The sad thing is, traditionally, all silent corruption is detected by the hardware, not the filesystem. Design principle: “who has the relevant information? The filesystem has.
“””
In what way does the hardware not have the relevant information? A CRC, of adequate length (CRC-32?), upon each sector is well within the capability of the hardware. The hardware already does one, possibly of inadequate length. What is sad is that we are seriously considering moving this thing which should be incumbent upon the hardware, back to the software, at significant processing cost.
I am not convinced that silent corruption is a real problem. Maybe it is, and maybe it isn’t. But if it is, it should be fixed at the proper layer. And that layer is the hardware, and not the filesystem. And if you *still* insist that the proper layer is somewhere in the OS, why not the block layer?
Edited 2008-10-20 15:59 UTC

2008-10-20 1:38 pm
FunkyELF
When I install a dual boot system I like to have a partition for storing data, music, pictures, movies etc…that can be accessible by both OS’s. With the driver from fs-driver.org I can use an ext2 or ext3 from within Windows. Will this work with ext4?

2008-10-20 3:05 pm
ba1l
Probably not. That driver is actually for ext2 only.

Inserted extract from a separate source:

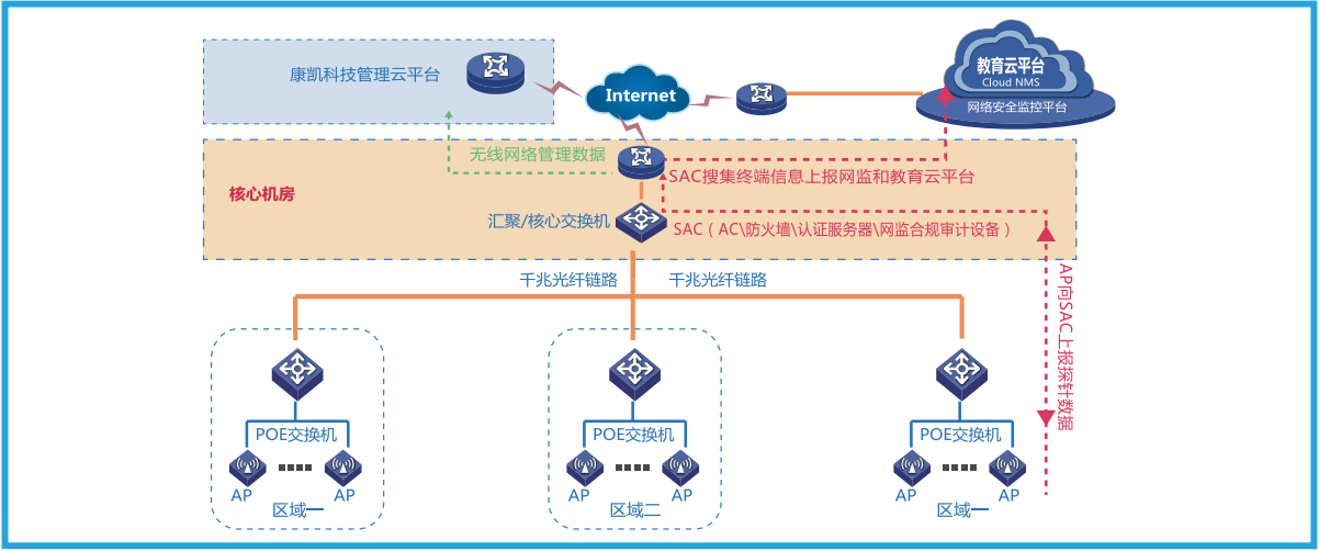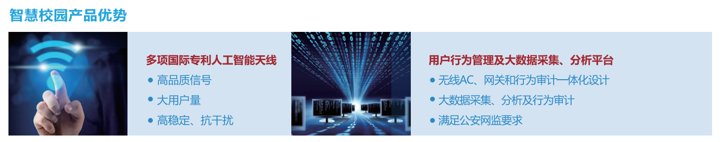 「B体育」-「中国」官网科技提供的智慧校园应用场景,包括AC、网关和行为审计一体化设计,减少投入并简化管理,同时提供学生行为管理及大数据采集功能,为学校和家长及时、精准辅导学生提供了丰富依据。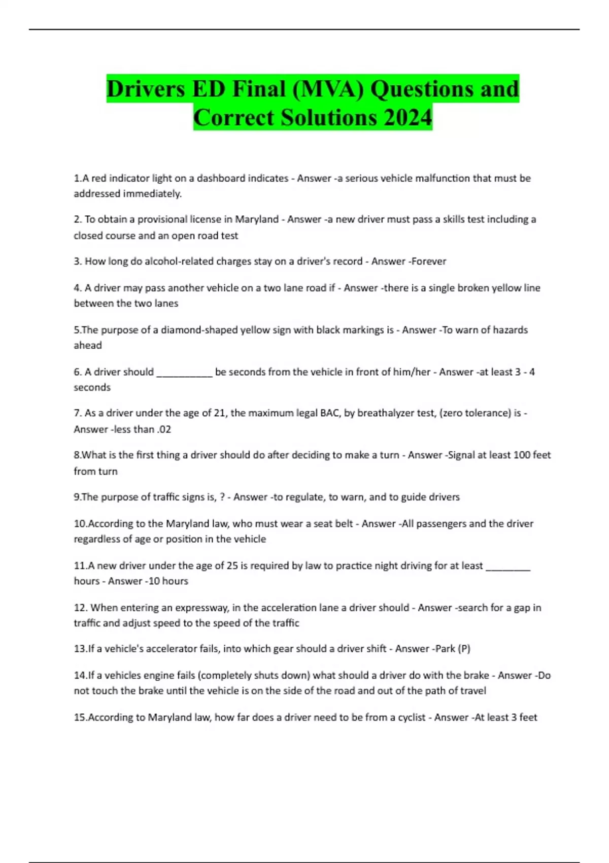 consecutive monthsMaryland MVA Driver's Ed Questions and Correct Solutions 2024

The on-disk format for ext3 is basically compatible with ext2. All it really does is adds a journal, and other features like extended attributes. An ext3 driver can mount an ext2 volume, and an ext2 driver can mount an ext3 volume.
I believe there are filesystem options that would render an ext3 volume unreadable by an ext2 driver, but I’m not 100% sure. If there are, they’re obviously turned off by default.
The same is basically true of ext4, with one exception. Extents, which are enabled by default, change the on-disk format and render it incompatible with ext2 and ext3 drivers. If you turned those off, you should be able to read an ext4 volume with an ext2 driver. I’m not sure I’d want to risk writing to an ext4 filesystem with an ext2 driver though.